Silence. Thunderous silence. My heart is pounding in my chest, hot tears pool in my eyes. At first, I’m afraid to look at either of my guys, then I can’t tear my gaze away. Axx’s jaw is set, his newfound emotions shuttered and tightly locked down. Braxx’s sweet face is slack in shock and sadness.
I fist my hands at my sides and try not to cry—Axx doesn’t need to be worried about me right this moment.
“So what’s the treatment?” I ask forcefully, as if by sheer strength of will I could make Dr. Drayke invent a cure.
“Miss Brianna, I…”
“There is no treatment, Angel,” Axx says. Of course, it makes perfect sense that out of all of us he’s the strongest, calmest one in the room right now. “I’d put my arms around you if I could.”
I climb in next to him and curl up next to his side, one arm slung over him. I press against him tightly and lean up to kiss his golden cheek. He’s already fast asleep even though he just woke up.
“What’s the timeline, doc?” Braxx asks, his voice breaking as he rubs his hand absentmindedly over his head.
“I’ve never encountered anything like this before. This is uncharted territory. The scans don’t look good, Braxxus. I think he’s got days, maybe less. I’m sorry.

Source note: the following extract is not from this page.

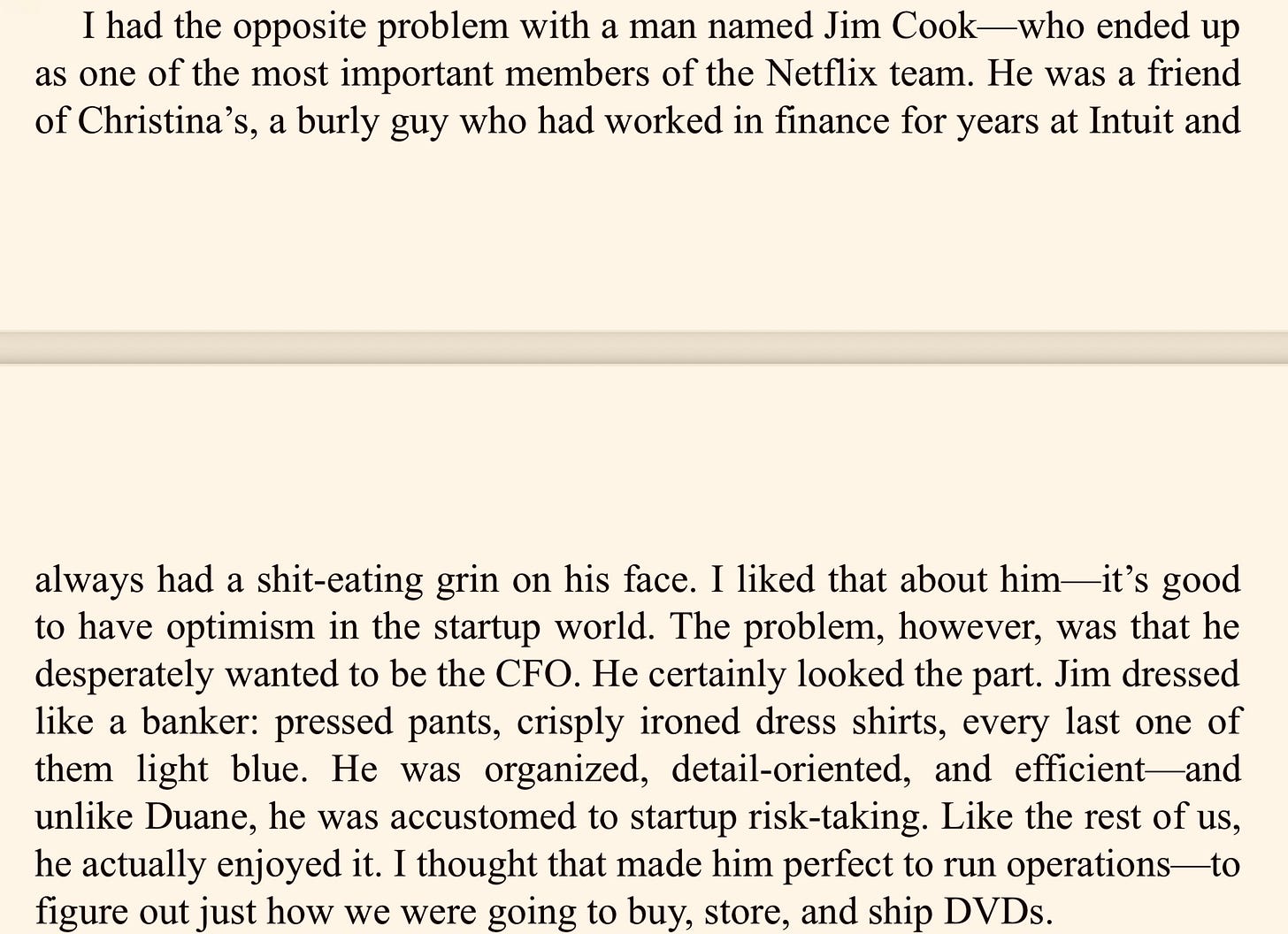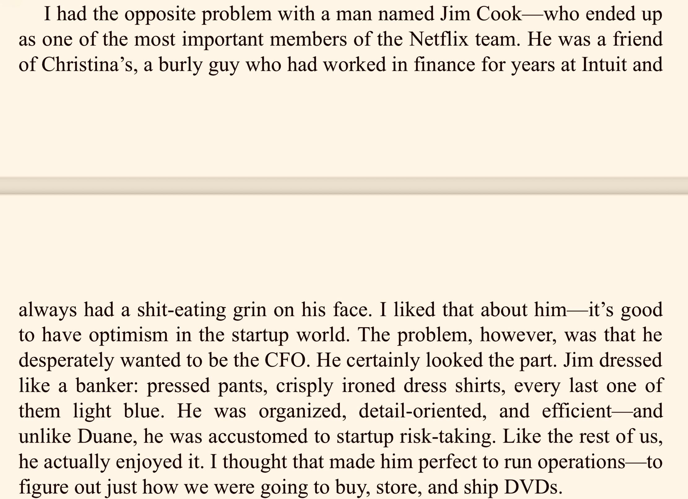 I had the opposite problem with a man named Jim Cook — who ended up as one of the most important members of the Netflix team.

I’ll go to the lab and pour over the Database. I’ll have Callista comm all the other ships that were on Fairea that day, see if they have any info. But…”
“Thanks, doc.”
It’s quiet in the room after Dr. Drayke leaves. Braxx slides into bed on Axx’s other side and we just hug each other. Axx is sleeping deeply, at least I hope he’s sleeping and not in a coma. I’m crying silently. I reach over Axx and pet Braxx’s velvety head.
“This is bad, Brie. Drack , my heart is breaking.”
“It’s like a bad dream. I can’t believe this is happening.”
“I know this isn’t fair to ask, Angel, but can I have an hoara alone with him? I wonder if maybe our twinlink…” his voice trails off.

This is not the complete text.